Multivariate statistically-based modelling of a membrane bioreactor for wastewater treatment using 2D fluorescence monitoring data

This work presents the development of multivariate statistically-based models for monitoring several key performance parameters of membrane bioreactors (MBR) for wastewater treatment. This non-mechanistic approach enabled the deconvolution of 2D fluorescence spectroscopy data, a powerful technique that has previously been shown to capture important information regarding MBR performance.
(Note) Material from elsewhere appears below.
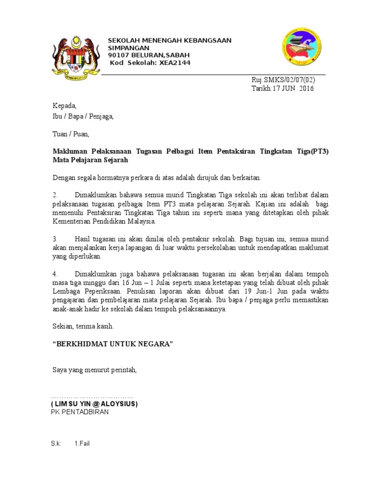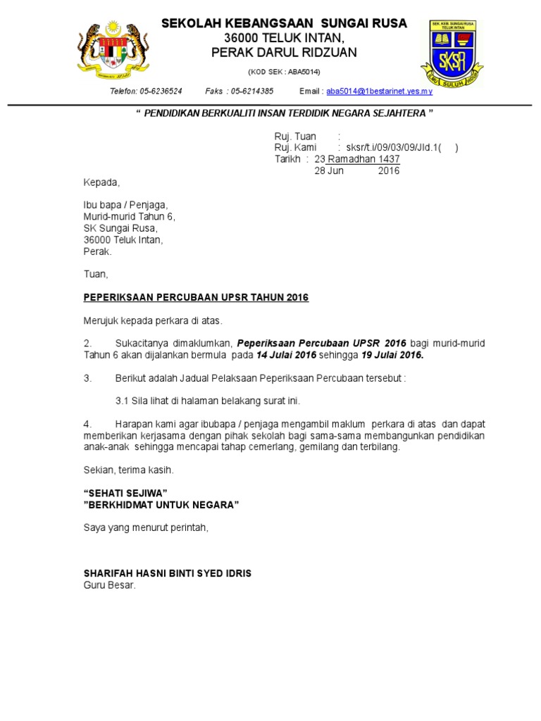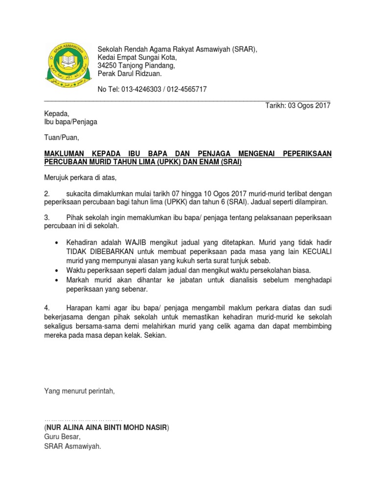 Surat Makluman Kepada Ibu Bapa 2017 Doc

Projection to latent structure (PLS) modelling was used to integrate 2D fluorescence data, after compression through parallel factor analysis (PARAFAC), with operation and analytical data to describe an MBR fouling indicator (transmembrane pressure, TMP), five descriptors of the effluent quality (total COD, soluble COD, concentration of nitrite and nitrate, total nitrogen and total phosphorus in the permeate) and the biomass concentration in the bioreactor (MLSS). A multilinear correlation was successfully established for TMP, CODtp and CODsp, whereas the optimised models for the remaining outputs included quadratic and interaction terms of the compressed 2D fluorescence matrices. Additionally, the coefficients of the optimised models revealed important contributions of some of the input parameters to the modelled outputs. This work demonstrates the applicability of 2D fluorescence and statistically-based models to simultaneously monitor multiple key MBR performance parameters with minimal analytical effort. This is a promising approach to facilitate the implementation of MBR technology for wastewater treatment.